In Experiment 1 we generated unsolvable versions of the matrices by changing the locations of half the elements and found an association between iJOS and original matrix difficulty. We also found that iJOS was predictive of response times, fJOS, and confidence. These results led us to inquire about the conditions under which iJOS has predictive value. One possibility is that there is a quantitative continuum of discriminability between solvable and unsolvable problems, with a threshold required for iJOS to be predictive. In this case, a smaller difference between solvable and unsolvable items should reduce the effect.
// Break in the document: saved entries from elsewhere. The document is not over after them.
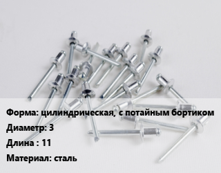 Заклепка цилиндрическая, с потайным бортиком 3х11 сталь
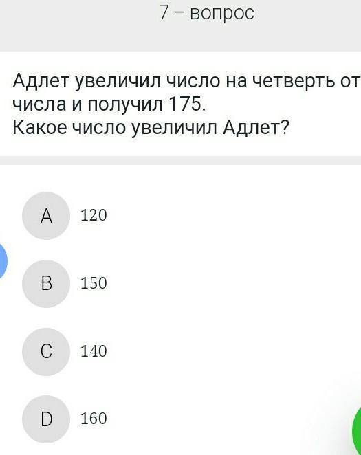 x*1/4 = x/4. и число стало равно х+х/4=175.
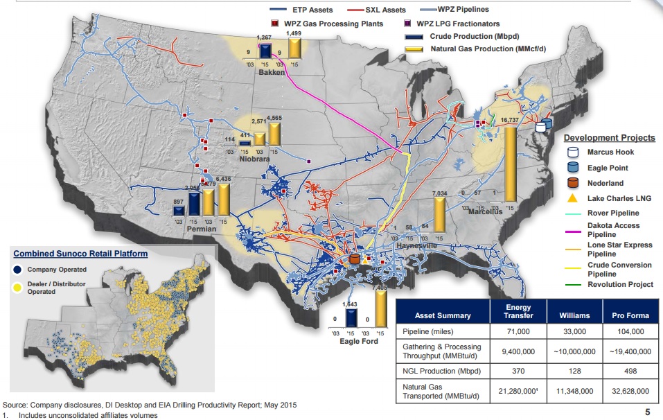 As this map shows, most of Energy Transfer's existing pipelines are concentrated in the South and Midwest, while Williams has a strong presence in the West, South, and North East. Analysts expect the relatively small amount of overlap between the two company's existing pipeline systems would help it gain regulatory approval.
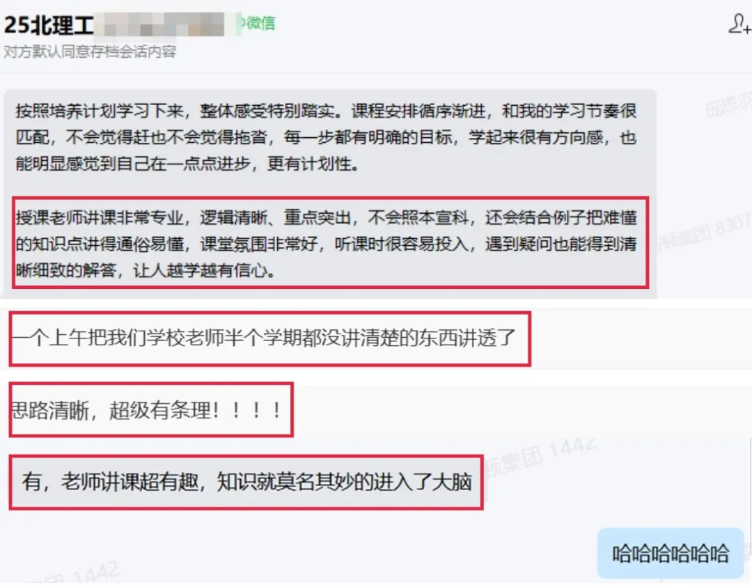 授课老师讲课非常专业,逻辑清晰、重点突出,不会照本宣科,还会结合例子把难懂的知识点讲得通俗易懂,课堂氛围非常好,听课时很容易投入,遇到疑问也能得到清晰细致的解答,让人越学越有信心。
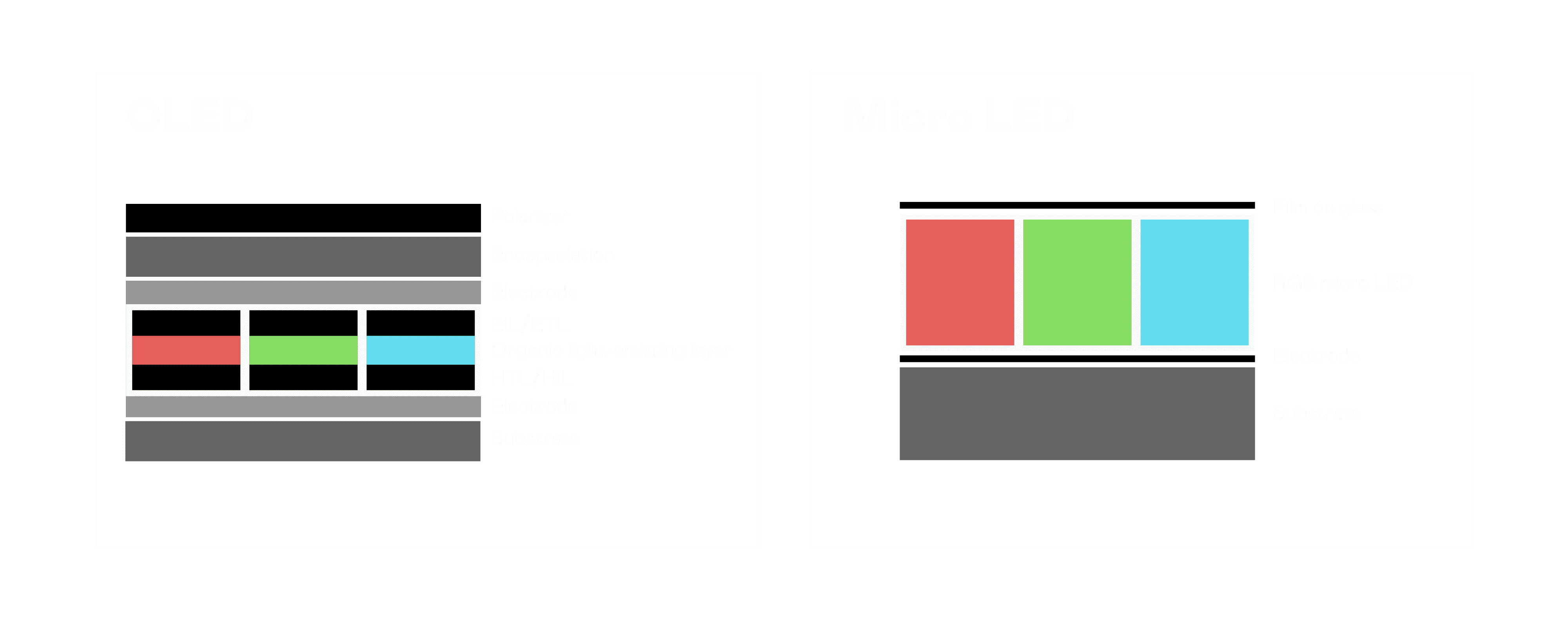 以 LED 做为显示画素,,可让 LED 的发光效率发挥到极致,,从而让显示器具备优异的亮度表现,,,,不论是在户外或室内,,,均具备出众的显示效果。。同时,,与使用有机材料的 OLED 相比,,,LED 具备更稳定、、寿命更长的特性,,,,不仅不会有画面烙印问题,,而且更不容易出现故障、、、、坏点。。

On the other hand, it is possible that the effect is qualitative rather than quantitative, such that the effect becomes apparent when the rules are broken, regardless of the degree of difference between the original and disarranged versions. Furthermore, it is possible that broken rules are more evident when there is some regularity, while they are less evident when there is no regularity at all, as was the case in Experiment 1. Thus, in Experiment 2 we replicated Experiment 1 with the smallest difference possible between the two matrix versions—replacing only two elements rather than four when generating the unsolvable versions.

Method

Participants

Thirty-five undergraduate students from the Technion participated in the study (58% female; Mage = 24.8, SD = 2.8). All participants provided informed consent and participated in exchange for course credit.

Materials

The same thirty Raven’s matrices that were used for Experiment 1 were used in this experiment. However, this time the unsolvable version of each matrix was created by randomly switching only two of the eight elements.

Procedure

The procedure was identical to that of Experiment 1.

Results

Four participants were excluded from the analyses due to spending an unreasonably short time on the task (shorter than 2SD below the sample’s mean time distribution).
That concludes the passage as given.